Why Skip Cloud API Keys?

Cloud-based AI code completion services send your code to external servers. This raises legitimate concerns around data privacy, especially when working with proprietary codebases. Additionally, reliance on external services means your completion workflow depends on internet connectivity and service availability.

Running AI code completion locally gives you complete control over your data. You can use the tools on airplanes, in secure facilities, or in regions with limited internet access. The upfront investment in hardware and setup pays off over time with no per-token costs.

CodeLLama (via Ollama)

Ollama has become the simplest way to run large language models locally. It supports CodeLLama, a model specifically designed for code generation and completion.

Setup

First, install Ollama on your system:

# macOS
brew install ollama

# Linux
curl -fsSL https://ollama.com/install.sh | sh

Pull the CodeLLama model:

ollama pull codellama

Neovim Integration

Use the completor plugin or configure nvim-cmp with a custom source. Here is a basic setup using nvim-cmp:

-- ~/.config/nvim/lua/plugins/cmp.lua
return {
  "hrsh7th/nvim-cmp",
  dependencies = { "hrsh7th/cmp-ollama" },
  config = function()
    local cmp = require("cmp")
    cmp.setup({
      sources = cmp.config.sources({
        { name = "ollama" },
      }),
    })
  end,
}

You will need to configure the Ollama endpoint and model in your setup. This approach provides completions from a model running entirely on your machine.

CodeGeex

CodeGeex is an open-source code generation model maintained by the THUDM research group. It specializes in code completion and supports multiple programming languages.

Installation

CodeGeex can be deployed as a local server using the official implementation:

git clone https://github.com/THUDM/CodeGeeX
cd CodeGeeX
pip install -r requirements.txt

Run the server locally:

python codegeex/benchmark/api.py --port 8080

Neovim Integration

Connect Neovim using a custom completion source. You can use vim-go or write a simple Python script that interfaces with the API:

-- Simple example using an HTTP request
local function get_completion(prompt)
  local http = require("socket.http")
  local json = require("cjson")

  local response = {}
  local body = json.encode({
    prompt = prompt,
    max_length = 256,
  })

  local result = http.request({
    url = "http://localhost:8080/completions",
    method = "POST",
    headers = {
      ["Content-Type"] = "application/json",
      ["Content-Length"] = #body,
    },
    source = ltn12.source.string(body),
    sink = ltn12.sink.table(response),
  })

  return table.concat(response)
end

This requires additional Lua dependencies, but demonstrates the core approach.

CodeGen (Salesforce)

CodeGen was developed by Salesforce Research and is available in multiple sizes. The model excels at code generation tasks and can run locally through various frameworks.

Running with Hugging Face Transformers

from transformers import AutoModelForCausalLM, AutoTokenizer

model_name = "Salesforce/codegen-2b-mono"
tokenizer = AutoTokenizer.from_pretrained(model_name)
model = AutoModelForCausalLM.from_pretrained(model_name)

def complete_code(prompt):
    inputs = tokenizer(prompt, return_tensors="pt")
    outputs = model.generate(**inputs, max_new_tokens=50)
    return tokenizer.decode(outputs[0])

For Neovim integration, wrap this Python script in a VimEx command or use the completor framework to create a custom source.

StarCoder

StarCoder is a code-focused language model developed by BigCode. It was trained on permissively licensed code from GitHub, making it a responsible choice for commercial projects.

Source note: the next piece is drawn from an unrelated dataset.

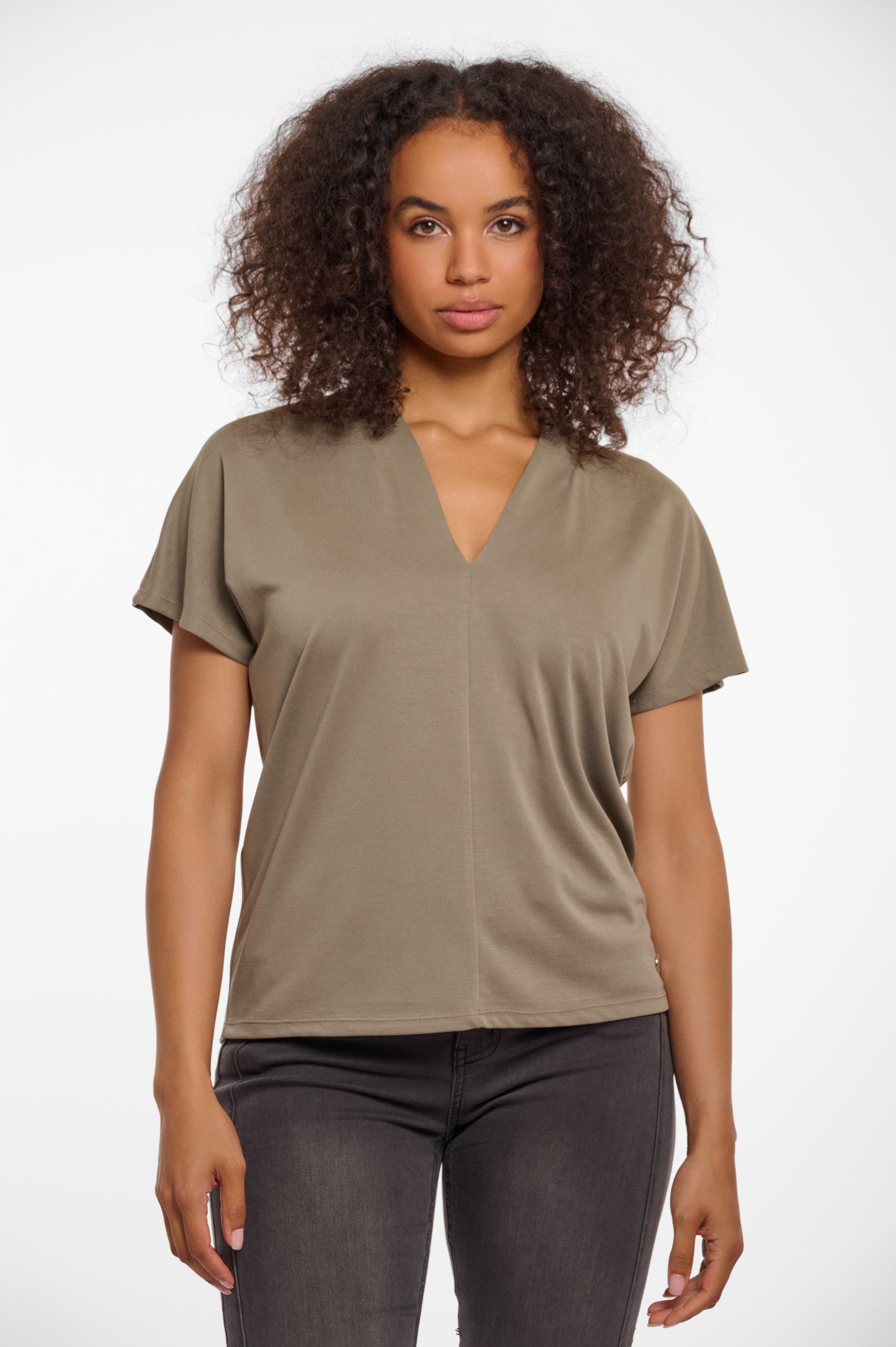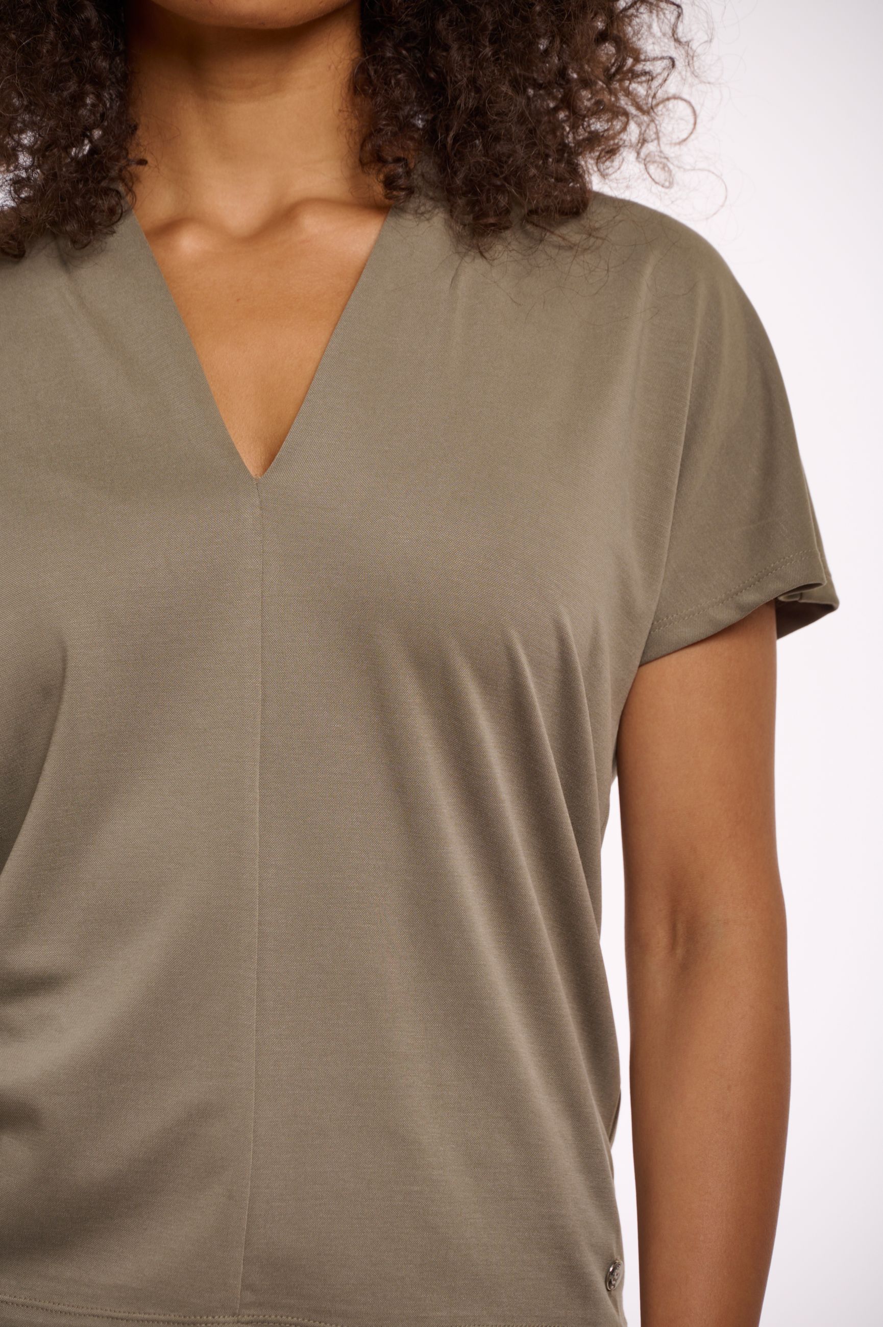 È la t-shirt base che ognuna di noi donne deve avere nel guardaroba. Si sposa perfettamente con ogni look sia casual che formale. Da indossare come capo principale nelle calde giornate estive o come sottogiacca. Morbidissima al tatto, bello e femminile lo scollo a 'V'.

Quick Start with llama.cpp

For running StarCoder efficiently on consumer hardware, use the quantized version with llama.cpp:

# Download the quantized StarCoder model
wget https://huggingface.co/TheBloke/StarCoder-GGML/resolve/main/starcoder-q4_0.gguf

# Run with llama.cpp
./main -m starcoder-q4_0.gguf --n-gpu-layers 1 -c 2048

Configure your Neovim completion plugin to query this local endpoint. The setup requires more configuration than Ollama but provides more control over the model behavior.

Qwen2.5-Coder

Qwen2.5-Coder (from Alibaba’s Qwen team) emerged as a strong contender in late 2025. The 7B and 14B variants perform competitively with CodeLLama 34B on most benchmarks while running comfortably on consumer hardware.

Setup via Ollama

ollama pull qwen2.5-coder:7b

Then configure your completion source to use qwen2.5-coder as the model name. The model has notably better instruction-following for fill-in-the-middle (FIM) tasks than earlier Qwen iterations, which translates to more accurate inline completions rather than pure next-token generation.

Neovim Plugins Purpose-Built for Local Completion

Beyond generic cmp sources, several plugins are specifically designed for local LLM completion workflows:

gen.nvim: Lightweight plugin that speaks directly to any Ollama endpoint; requires zero extra dependencies and exposes completions through a simple :Gen command interface.
llm.nvim: Supports multiple backends (Ollama, llama.cpp HTTP server) and offers streaming completions that display tokens as they arrive rather than waiting for the full response.
copilot.lua (unofficial): Forks of the official Copilot plugin have been adapted to redirect requests to local endpoints, preserving the ghost-text completion UX while eliminating the cloud dependency.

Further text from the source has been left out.